[Extracted data entries]
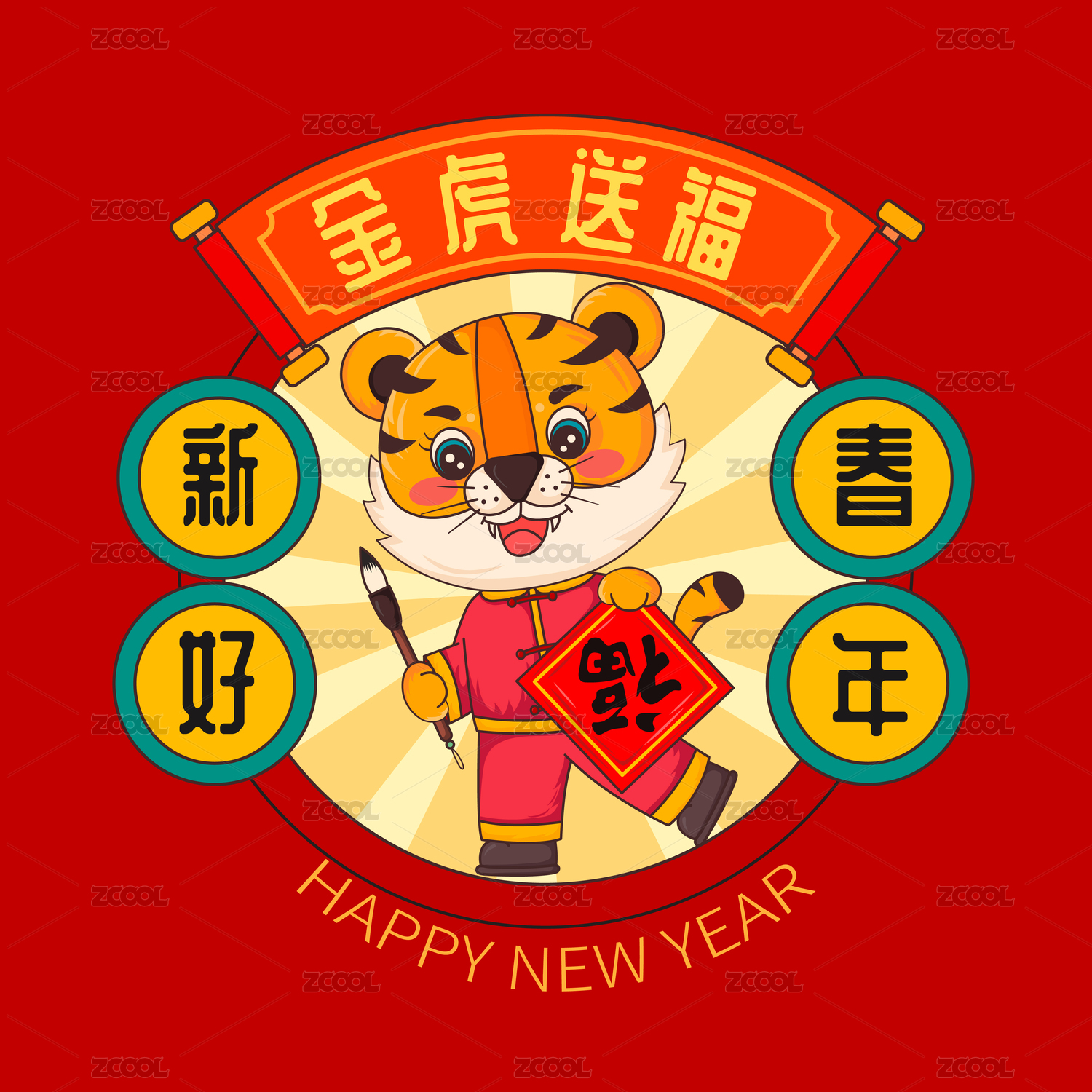 节日,庆祝,新年,虎,老虎,卡通,虎年,春节,生肖,矢量
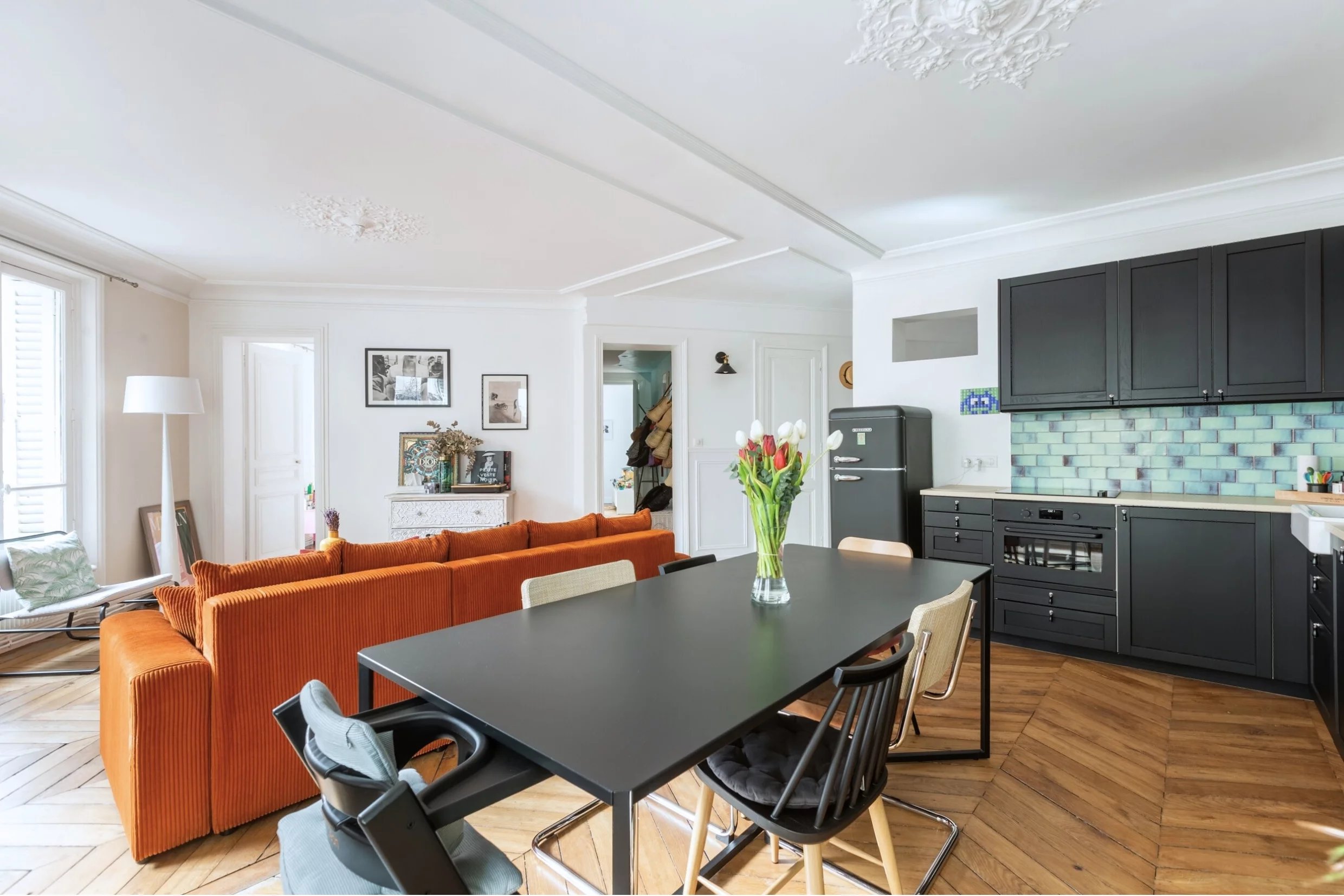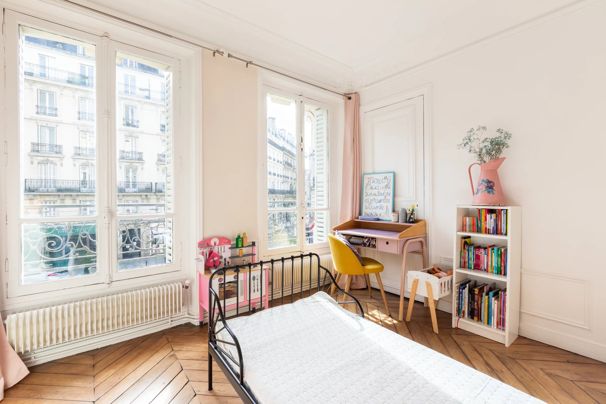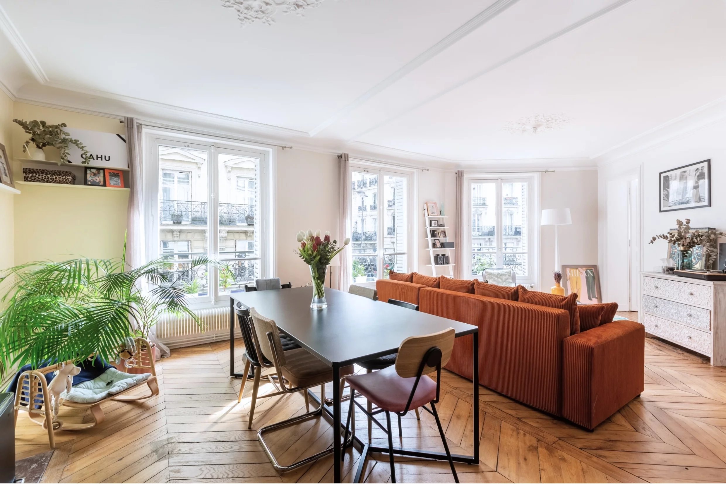 Rue Gérando, dans un des quartiers les plus prisés du 9e arrondissement, l'agence des Enfants Rouges vous propose ce magnifique appartement de caractère de 106,78m2, au 1er étage avec ascenseur, comprenant trois vraies chambres et un vaste séjour d'angle exposé plein sud et baigné de soleil. L'appartement, en parfait état, vous séduira par son style classique haussmannien, ses parquets chevrons, ses moulures et ses cheminées. Très bien rénové et optimisé il dispose d'une salle de bains ainsi qu'une salle de douche attenante à la chambre parentale. Il dispose également de nombreux rangements et d'un dressing intégrés. Sa situation en angle vous permettra de profiter de vues dégagées et d'une belle sensation d'ouverture sur l'extérieur. L'immeuble de 1900 présente une très belle façade en pierres de taille ravalée et de parties communes de standing en parfait état. DPE D. Cave et abri à vélo dans la cour. Les informations sur les risques auxquels ce bien est exposé sont disponibles sur le site Géorisques : www.georisques.gouv.fr
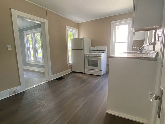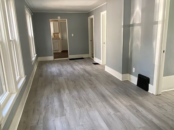 This is the lower unit of an upper/lower duplex. It offers 2/3 bedrooms and 1 1/2 baths with full tub and shower in main bath, and a large living room. It is a very spacious unit that has been completely updated including new flooring throughout. It has an enclosed front porch which could be used as a mud room for coats and shoes, keeping the dirt and grime off your floors, shaded side yard, off-street parking and front and back door entrances. It is located on the City Bus line near downtown. Trash service, lawn care and snow removal all included in monthly rent.
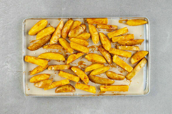 Den Backofen auf 240°C (220°C Umluft) vorheizen. Die Kartoffeln samt Schale in fingerdicke, pommesartige Streifen schneiden. Auf zwei mit Backpapier ausgelegten Backblechen mit 1–2TL Paprikapulver, 2EL Olivenöl und 1TL Salz vermengen, dann im Ofen 20–25Min. backen, bis die Pommes goldbraun sind. Noch 5–10Min. bei leicht geöffneter Tür im Ofen lassen, so werden sie extra knusprig.
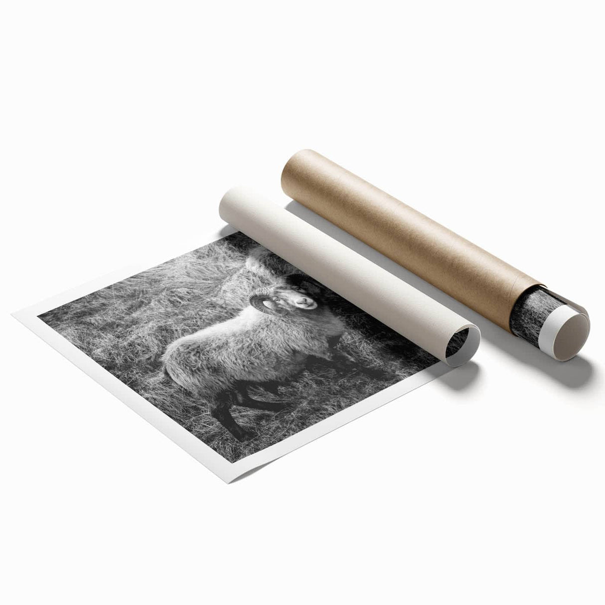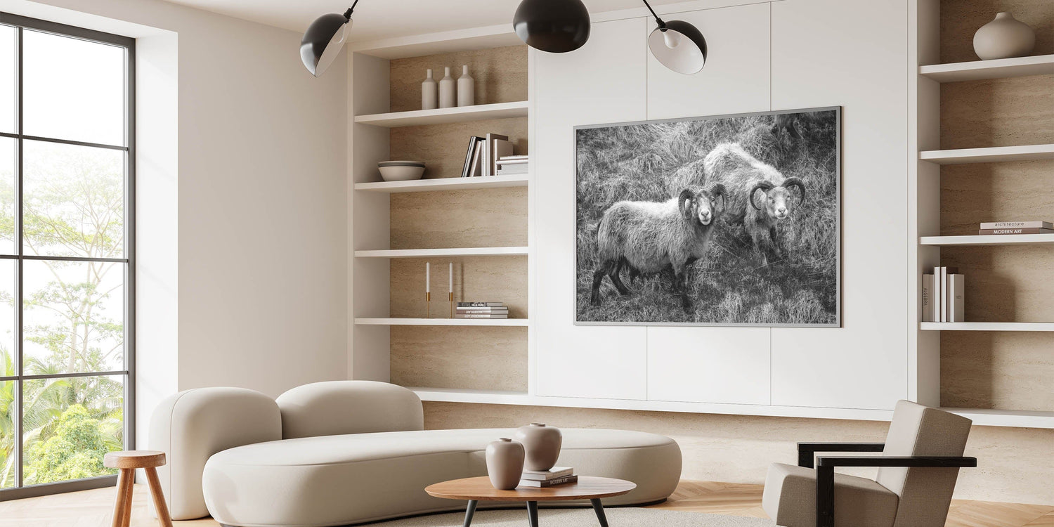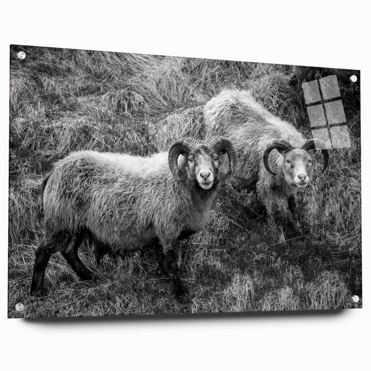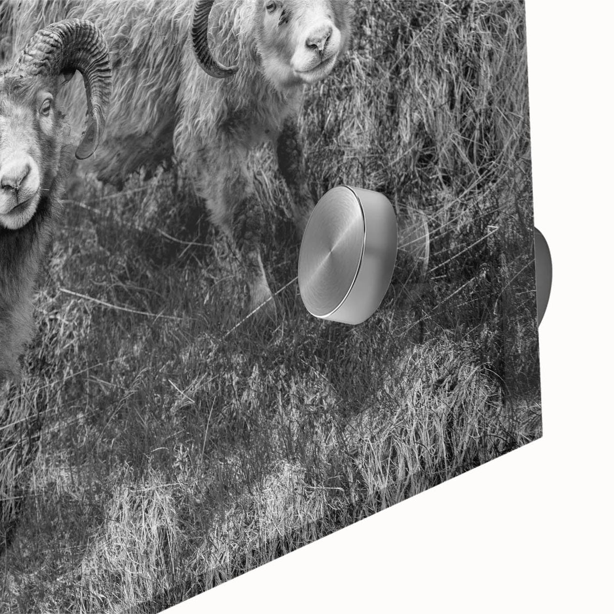 Celebrate the beauty of high-quality fine art photography with this captivating black and white portrait of two rams. Their powerful presence, set against a textured grassy landscape, creates an image that embodies strength, resilience, and the raw elegance of nature.

| Task statement |
Write out the records word for word. Pictures stay out.

| Exercise answer |
 节日,庆祝,新年,虎,老虎,卡通,虎年,春节,生肖,矢量
 Rue Gérando, dans un des quartiers les plus prisés du 9e arrondissement, l'agence des Enfants Rouges vous propose ce magnifique appartement de caractère de 106,78m2, au 1er étage avec ascenseur, comprenant trois vraies chambres et un vaste séjour d'angle exposé plein sud et baigné de soleil. L'appartement, en parfait état, vous séduira par son style classique haussmannien, ses parquets chevrons, ses moulures et ses cheminées. Très bien rénové et optimisé il dispose d'une salle de bains ainsi qu'une salle de douche attenante à la chambre parentale. Il dispose également de nombreux rangements et d'un dressing intégrés. Sa situation en angle vous permettra de profiter de vues dégagées et d'une belle sensation d'ouverture sur l'extérieur. L'immeuble de 1900 présente une très belle façade en pierres de taille ravalée et de parties communes de standing en parfait état. DPE D. Cave et abri à vélo dans la cour. Les informations sur les risques auxquels ce bien est exposé sont disponibles sur le site Géorisques : www.georisques.gouv.fr
 This is the lower unit of an upper/lower duplex. It offers 2/3 bedrooms and 1 1/2 baths with full tub and shower in main bath, and a large living room. It is a very spacious unit that has been completely updated including new flooring throughout. It has an enclosed front porch which could be used as a mud room for coats and shoes, keeping the dirt and grime off your floors, shaded side yard, off-street parking and front and back door entrances. It is located on the City Bus line near downtown. Trash service, lawn care and snow removal all included in monthly rent.
 Den Backofen auf 240°C (220°C Umluft) vorheizen. Die Kartoffeln samt Schale in fingerdicke, pommesartige Streifen schneiden. Auf zwei mit Backpapier ausgelegten Backblechen mit 1–2TL Paprikapulver, 2EL Olivenöl und 1TL Salz vermengen, dann im Ofen 20–25Min. backen, bis die Pommes goldbraun sind. Noch 5–10Min. bei leicht geöffneter Tür im Ofen lassen, so werden sie extra knusprig.
 Celebrate the beauty of high-quality fine art photography with this captivating black and white portrait of two rams. Their powerful presence, set against a textured grassy landscape, creates an image that embodies strength, resilience, and the raw elegance of nature.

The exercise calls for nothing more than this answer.